**Work to be completed:** Print out every line of the material exactly. Include no pictures.

**Information supplied:**
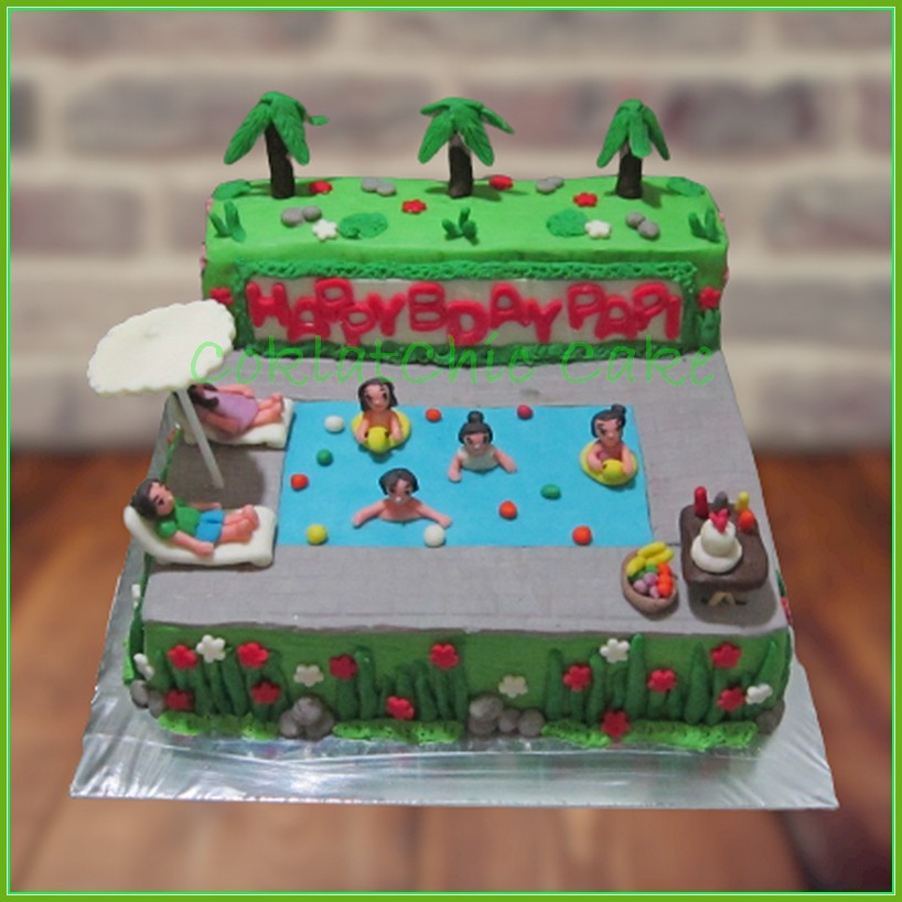 Birthday Cake dengan tema swimming pool party, model ini mulai ukuran 20 cm, daftar harga kue ulang tahun https://coklatchiccake.com/daftar-harga-2
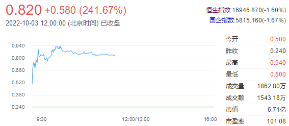今日走势分析:恒富控股(00643)今日复牌,早盘一度暴涨近300%,截至发稿,涨250%,报0.84港元,成交额438.89万港元。
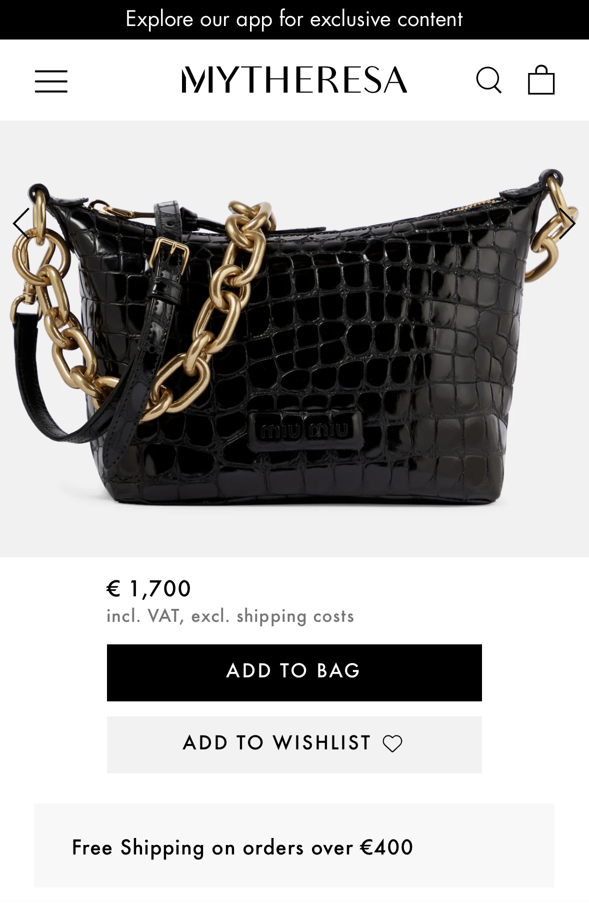 MIU MIU Croc-effect leather shoulder bag – torebka

**Response to this exercise:**
 Birthday Cake dengan tema swimming pool party, model ini mulai ukuran 20 cm, daftar harga kue ulang tahun https://coklatchiccake.com/daftar-harga-2
今日走势分析:恒富控股(00643)今日复牌,早盘一度暴涨近300%,截至发稿,涨250%,报0.84港元,成交额438.89万港元。
 MIU MIU Croc-effect leather shoulder bag – torebka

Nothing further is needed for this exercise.